From the line with "Касетний кондиціонер, призначений" through the line with "O preço do Bitcoin", repeat the entries verbatim, both end lines included, and add nothing.

====== LISTED RECORDS

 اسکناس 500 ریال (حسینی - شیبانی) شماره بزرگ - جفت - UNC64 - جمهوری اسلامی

============
====== LISTED RECORDS

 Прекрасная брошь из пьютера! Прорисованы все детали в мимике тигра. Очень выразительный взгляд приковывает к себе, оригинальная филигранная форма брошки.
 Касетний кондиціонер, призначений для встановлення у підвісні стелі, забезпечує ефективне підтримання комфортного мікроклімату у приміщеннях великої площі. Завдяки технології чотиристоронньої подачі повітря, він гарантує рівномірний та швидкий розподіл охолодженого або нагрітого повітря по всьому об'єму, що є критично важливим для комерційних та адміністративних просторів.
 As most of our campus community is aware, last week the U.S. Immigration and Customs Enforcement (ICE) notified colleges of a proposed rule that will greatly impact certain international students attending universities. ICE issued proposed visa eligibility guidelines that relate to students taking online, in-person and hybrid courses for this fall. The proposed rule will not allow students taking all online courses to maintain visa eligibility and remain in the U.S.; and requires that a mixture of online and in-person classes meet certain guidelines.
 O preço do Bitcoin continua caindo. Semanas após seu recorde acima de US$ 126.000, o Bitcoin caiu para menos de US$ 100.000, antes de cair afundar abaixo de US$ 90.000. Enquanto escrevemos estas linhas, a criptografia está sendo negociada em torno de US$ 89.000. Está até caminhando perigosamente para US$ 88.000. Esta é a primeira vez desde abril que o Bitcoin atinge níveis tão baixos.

============
====== LISTED RECORDS

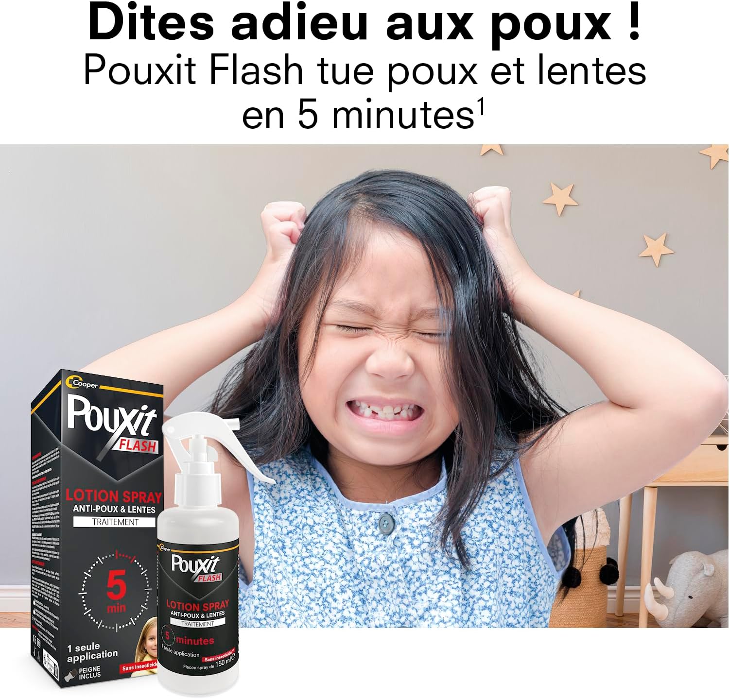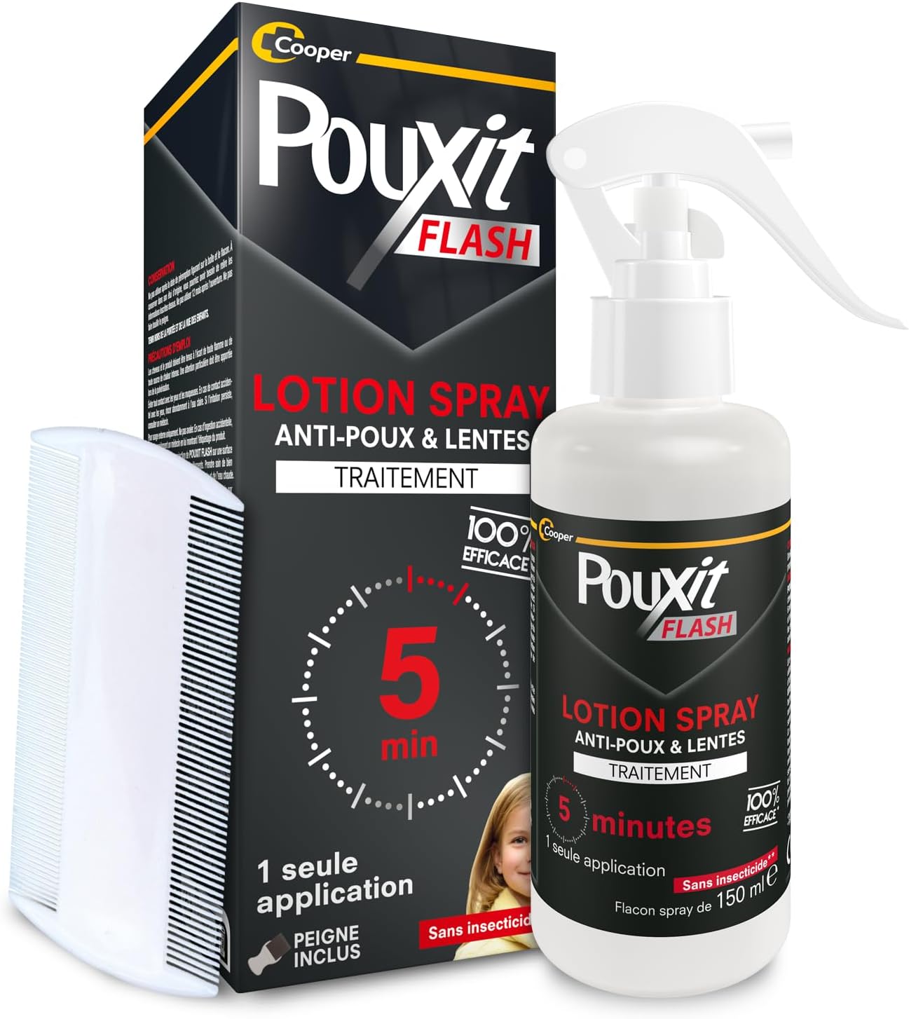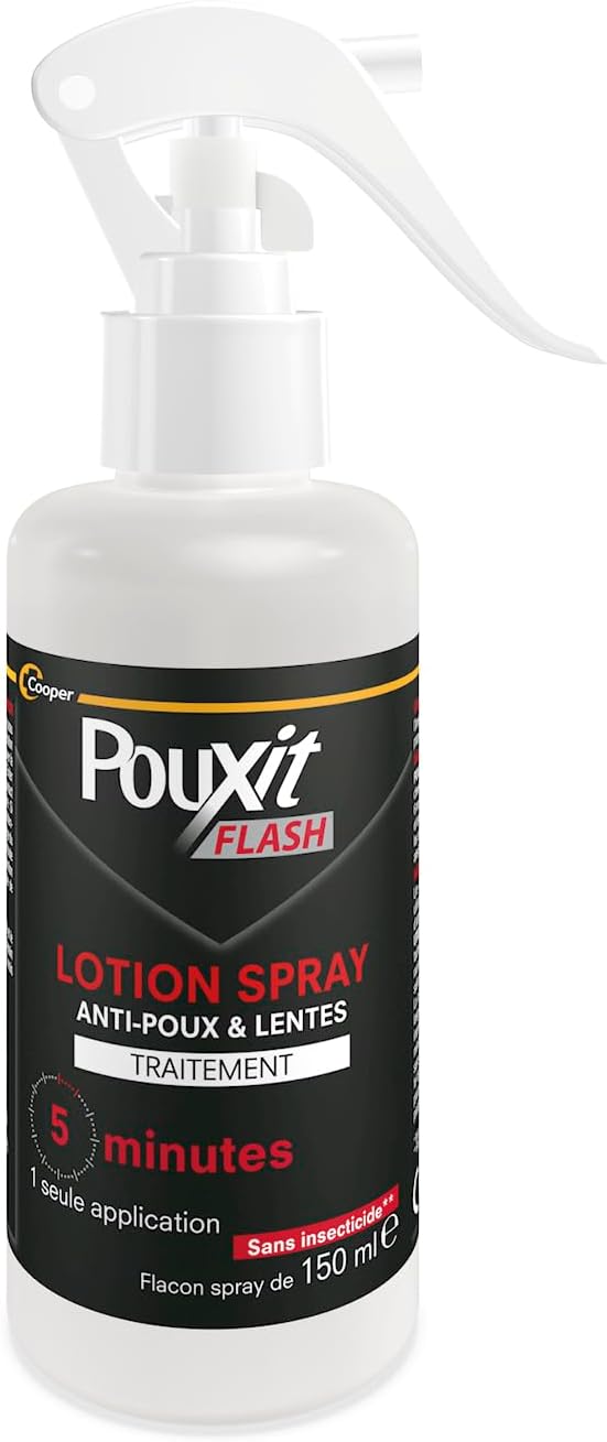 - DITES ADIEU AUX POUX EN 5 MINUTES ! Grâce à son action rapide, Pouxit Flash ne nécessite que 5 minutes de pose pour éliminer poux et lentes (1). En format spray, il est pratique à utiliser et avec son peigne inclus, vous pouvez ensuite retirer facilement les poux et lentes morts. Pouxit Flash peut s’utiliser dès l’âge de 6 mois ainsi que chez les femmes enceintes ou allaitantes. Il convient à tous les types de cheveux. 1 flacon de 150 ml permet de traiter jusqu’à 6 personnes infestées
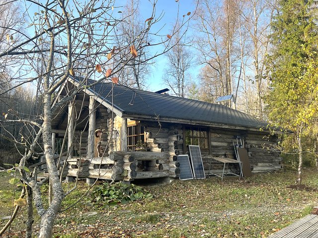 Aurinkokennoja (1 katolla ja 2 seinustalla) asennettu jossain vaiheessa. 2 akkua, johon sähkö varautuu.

============

◆ OUTPUT OF THE EXERCISE:
 Касетний кондиціонер, призначений для встановлення у підвісні стелі, забезпечує ефективне підтримання комфортного мікроклімату у приміщеннях великої площі. Завдяки технології чотиристоронньої подачі повітря, він гарантує рівномірний та швидкий розподіл охолодженого або нагрітого повітря по всьому об'єму, що є критично важливим для комерційних та адміністративних просторів.
 As most of our campus community is aware, last week the U.S. Immigration and Customs Enforcement (ICE) notified colleges of a proposed rule that will greatly impact certain international students attending universities. ICE issued proposed visa eligibility guidelines that relate to students taking online, in-person and hybrid courses for this fall. The proposed rule will not allow students taking all online courses to maintain visa eligibility and remain in the U.S.; and requires that a mixture of online and in-person classes meet certain guidelines.
 O preço do Bitcoin continua caindo. Semanas após seu recorde acima de US$ 126.000, o Bitcoin caiu para menos de US$ 100.000, antes de cair afundar abaixo de US$ 90.000. Enquanto escrevemos estas linhas, a criptografia está sendo negociada em torno de US$ 89.000. Está até caminhando perigosamente para US$ 88.000. Esta é a primeira vez desde abril que o Bitcoin atinge níveis tão baixos.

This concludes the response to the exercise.